SSTR2 Das Double-Nickase-Plasmid (h) besteht aus einem aufeinander abgestimmten Plasmidpaar, das für die hochspezifische Bearbeitung des SSTR2-Lokus in human-Zelllinien entwickelt wurde. Jedes Plasmid exprimiert eine Cas9-D10A-Nickase und eine spezifische sgRNA, die auf entgegengesetzte DNA-Stränge innerhalb von SSTR2 abzielt. Wenn sie auf benachbarte Stellen auf entgegengesetzten DNA-Strängen gerichtet sind, erzeugen die beiden Nickasen versetzte Einzelstrang-Schnitte, die zusammen einen versetzten Doppelstrangbruch erzeugen, was eine koordinierte On-Target-Aktivität beider Guides erfordert. Der resultierende DNA-Bruch wird durch endogene zelluläre Reparaturwege behoben, meist durch nicht-homologe Endverknüpfung (NHEJ), was zu Insertionen oder Deletionen führt, die die SSTR2-Funktion stören. Durch die Notwendigkeit einer doppelten sgRNA-Bindung am Zielort erhöht der Doppel-Nick-Ansatz die Spezifität der Bearbeitung und bietet eine komplementäre CRISPR-Strategie für Anwendungen, bei denen eine zusätzliche Kontrolle über die Zielgenauigkeit gewünscht ist.
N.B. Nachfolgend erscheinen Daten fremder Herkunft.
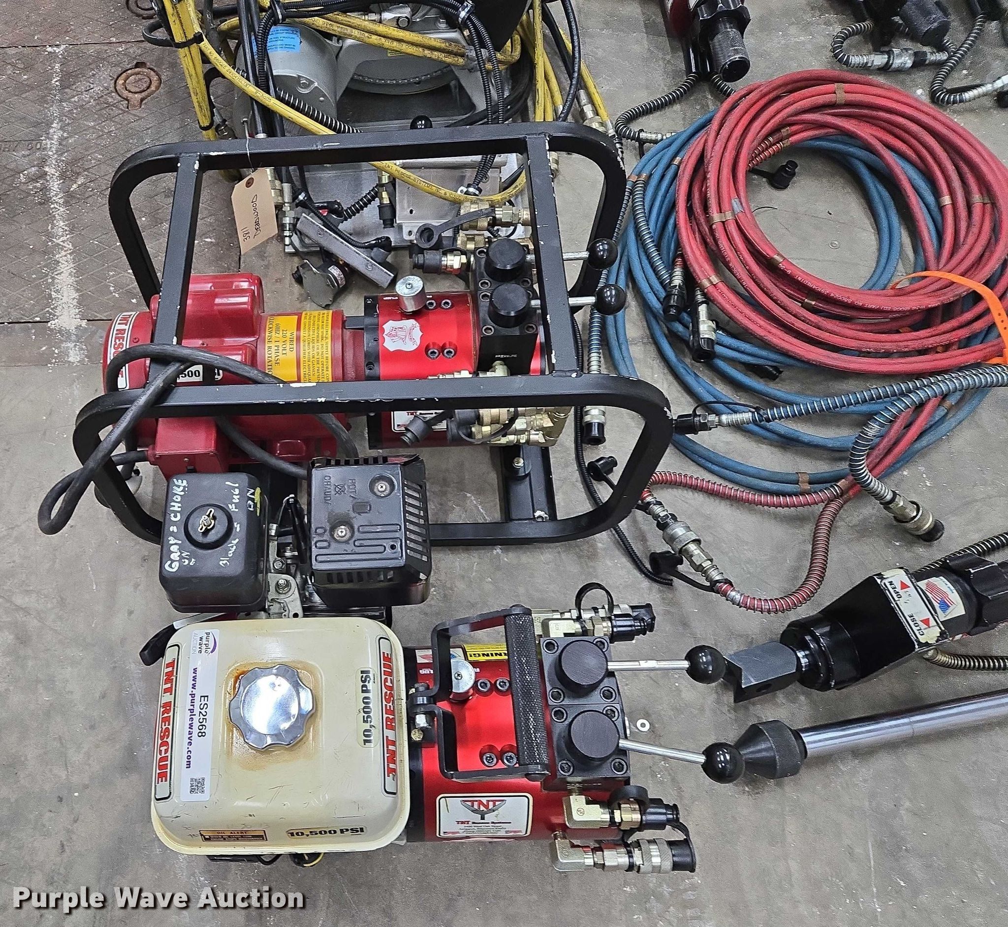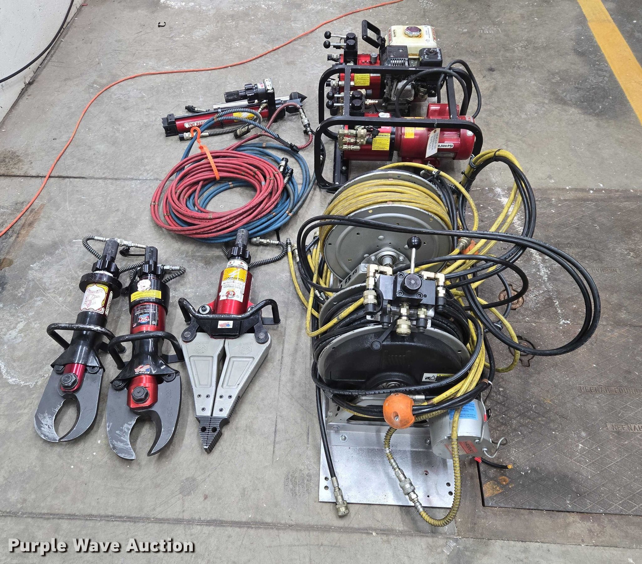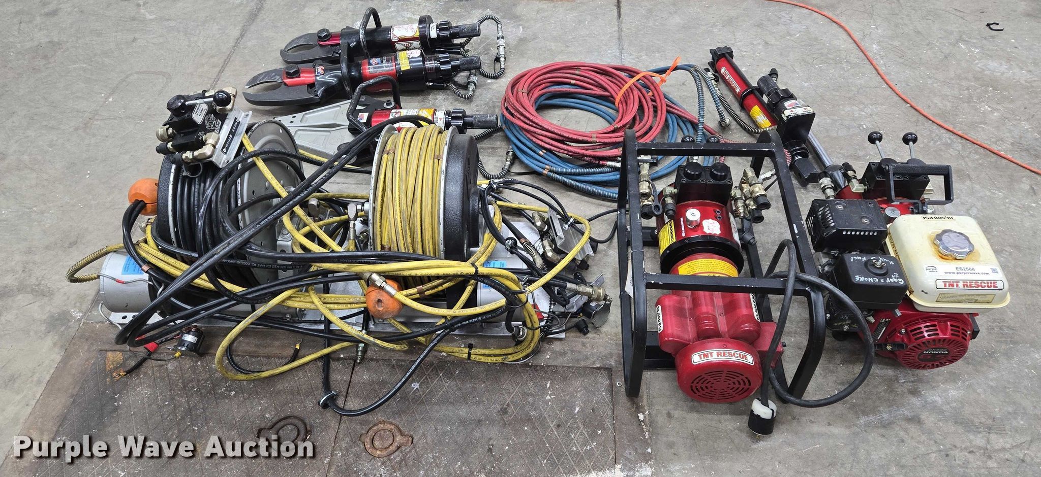 Purple Wave is selling a used Tools in South Dakota. This item is a TNT rescue equipment with the following: (2) hose reels, Lengths:, 50', 200',, BFC-320 cutter, Deadwood cutter, S-100 spreader, Width: 18", R-Series ram, Ram length: 18", Pump, Volts: 220, Pump, Honda gas engine, HP: 6.5

Um eine effiziente Identifizierung editierter Zellen zu unterstützen, kodiert ein Plasmid GFP zur fluoreszierenden Visualisierung transfizierter Populationen, während das Begleitplasmid ein Puromycin-Resistenzgen für die Antibiotika-Selektion trägt. Zusammen unterstützen diese Merkmale eine effiziente Anreicherung co-transfizierter Populationen und vereinfachen die Validierung von Klonen mit SSTR2-Störung.
Nur für Forschungszwecke. Nicht für diagnostische oder therapeutische Zwecke bestimmt.